On November 21, 2018, O'Brien signed with Al Ahly of the Egyptian Basketball Super League. He also participated in the Africa Basketball League, where he led the tournament in rebounds with 12 per game, to go with 13.8 points, 2.8 assists, 1.0 steals and 1.0 block shots per game.

On September 16, 2019, O'Brien signed a one-year deal with Alexandria Sporting Club of Egypt of the Egyptian National League.

==Overseas Elite==
O'Brien plays as a member of the Overseas Elite basketball team that competes in The Basketball Tournament (TBT), a summer tournament broadcast on ESPN. In 2015, O'Brien was a member of the inaugural Overseas Elite basketball team that competed in TBT 2015. The team, composed of other overseas professionals, went on to defeat Team 23 in the championship game, taking home a $1 million prize.

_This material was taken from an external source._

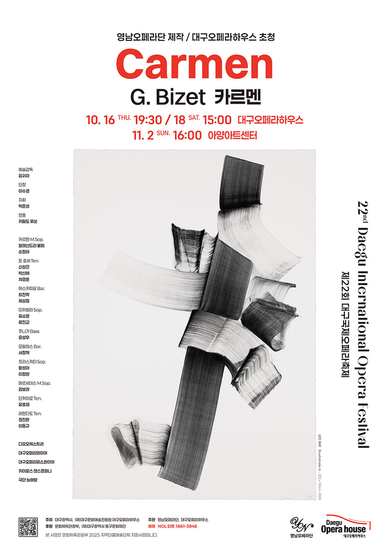 영남오페라단이 제작하는 조르쥬 비제(G.Bizet)의 대표작 <카르멘>은 스페인 세비야를 배경으로 하는 프랑스 오페라로, 자유로운 영혼의 집시여인 카르멘을 중심으로 비극적인 삼각관계를 그린다. ‘서곡(Overture)’, ‘하바네라(Habanera)’, ‘투우사의 노래(Chanson du Toreador)’ 등 유명 아리아로 잘 알려져 있으며, 세계에서 가장 인기 있는 오페라 중 하나로 손꼽힌다.

In summer 2016, O'Brien and Overseas Elite repeated as champions, defeating Team Colorado in the TBT 2016 finals, winning an increased $2 million prize. O'Brien and Overseas Elite won their third championship at TBT 2017, defeating Team Challenge ALS in the finals, for another $2 million prize. At TBT 2018, O'Brien and Overseas Elite won their fourth championship, defeating Eberlein Drive in the finals, to secure another $2 million prize.

==Personal life==
O'Brien was born March 3, 1989, in Media, Pennsylvania. His family moved to Lancaster, Pennsylvania, when he was young. His father, Roy, played football at the University of Penn and was an assistant football coach at Widener University. His mother, Pam, played both lacrosse and basketball at Hood College. His older sister, Kim, was a triple jumper at Muhlenberg College. His younger sister, Julia, plays professional volleyball. She was a two-time All-PSAC First Team selection at West Chester University and the 2014 PSAC Player of the Year.
 His uncle, Bruce Frank, played basketball at the University of Penn and went on to play professionally in Germany. His cousin, Matt Frank, was the starting right guard and team captain of James Madison University's 2016 National Championship football team.